Весь этот фарфорово-майоликовый мир казался ему смешным, агрессивным и бессмысленным. Ведь мать - он был в этом уверен, - заставляя полки шкатулочками, статуэтками и кашпо с золотым или бирюзовым ободком, хотела всего только поразить гостей, но их салоны тоже ломились от подобных богатств, и оттого ее затея утрачивала всякий смысл. Но о чем теперь, в сумерках, когда небо над холмами, остывая после жаркого дня, наливалось густым багрянцем, похожим на далекое зарево, напоминали ему эти безделушки? О глупой ребячьей смелости, позволяющей наплевательски относиться к окружающему миру, подкрепленной безрассудным пренебрежением к неведомому? О нагловатом нежелании считаться с внешними силами? Беря в руки эти игрушки из бронзы, латуни, майолики, слоновой кости, он чувствовал, что его начинают раздражать картины Нольде, Кокошки, Кольвиц, хотя когда-то он восхищался этой судорожно-красной и мертвенно-фиолетовой живописью. Неужели те кричащие со стен маленьких берлинских галерей полотна не оповещали нервным шифром своих красок о том, что есть только боль, что ничего нельзя будет избежать, что нет ни жалости, ни милосердия?

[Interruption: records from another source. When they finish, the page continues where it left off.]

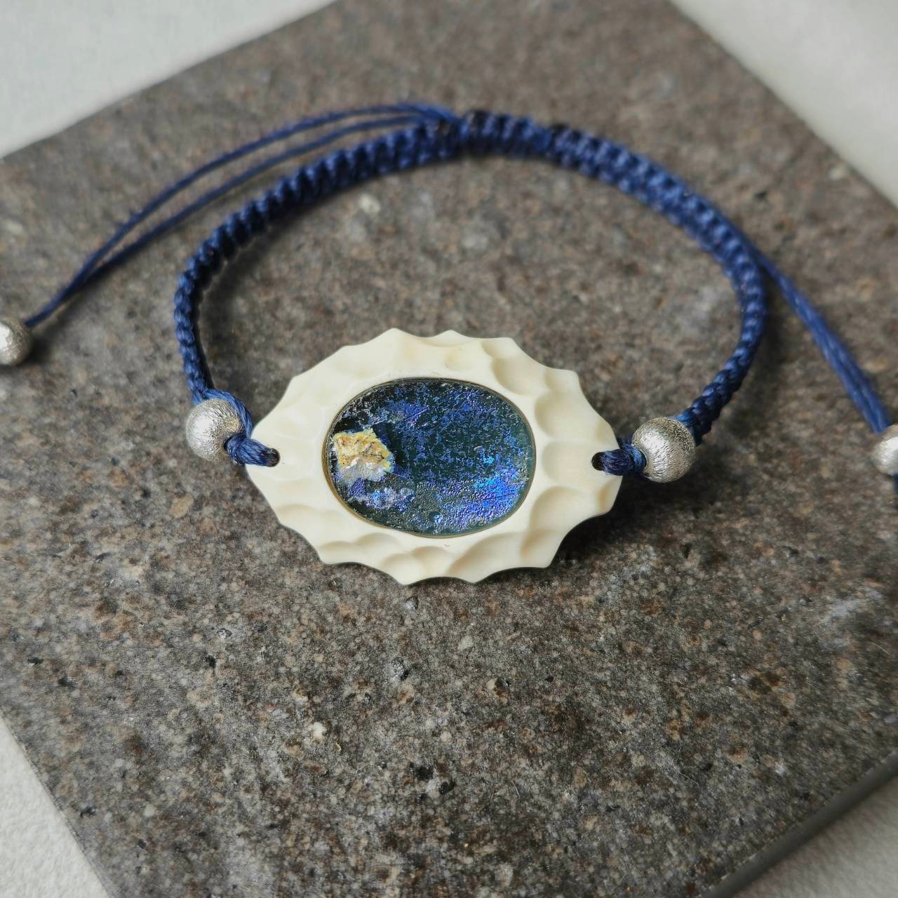 この作品に使用したルースには、深いコバルトブルーと紫がかった青の層に、柔らかな金色の煌めきが混じり、まるで夜明け前の空のような静けさを湛えています。
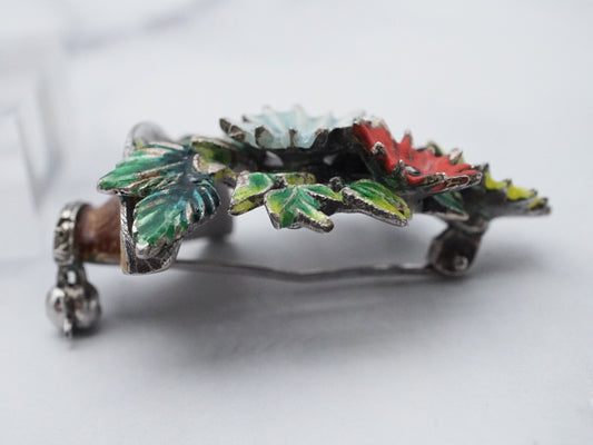 Antique German sterling, enamel, & marcasite Maison Behar Co. floral brooch
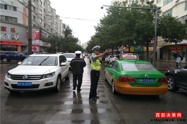但是,受雨天影響,城區(qū)部分路段不同程度受阻淤積,路面濕滑,能見度低,交通安全隱患突出,給廣大人民群眾出行帶來(lái)不便,為確保道路交通安全穩(wěn)定,靖邊縣公安局交警大隊(duì)城區(qū)二中隊(duì)領(lǐng)導(dǎo)高度重視,及時(shí)掌控路面情況,啟動(dòng)雨天應(yīng)急預(yù)案,落實(shí)各項(xiàng)有效管控措施,嚴(yán)防雨天道路交通事故發(fā)生。
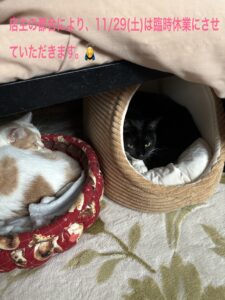 キジ猫ソワちゃん、三毛猫アメちゃんのお世話に行って来ました。普段は仲の悪い2匹ですがご飯時は向かい合わせで。
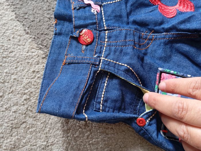 Joli short fille effet jean, en très bon état cependant petit Fil tiré voir dernière photo. Taille 2 ans.

Он смотрел на буковый лес с темными вкраплениями сосен, на небо, по которому ползли облака, похожие на пушистые распуколки вербы, - и все это, превращаясь в равнодушную музыку красок, проникало в сердце, вытесняя давние страхи. Душа отгораживалась от картины целого. Всякое воспоминание о мало-мальски пространном пейзаже мгновенно изгонялось. Глаз желал видеть только мелкие, отдельные, особняком существующие предметы: букашку, карабкающуюся по абажуру, рисовое зернышко в щели между половицами, кленовый листок с ржавыми краями, прилипший к стеклу, выглядывающую из-за подоконника веточку боярышника, каплю росы на паутине в углу окна.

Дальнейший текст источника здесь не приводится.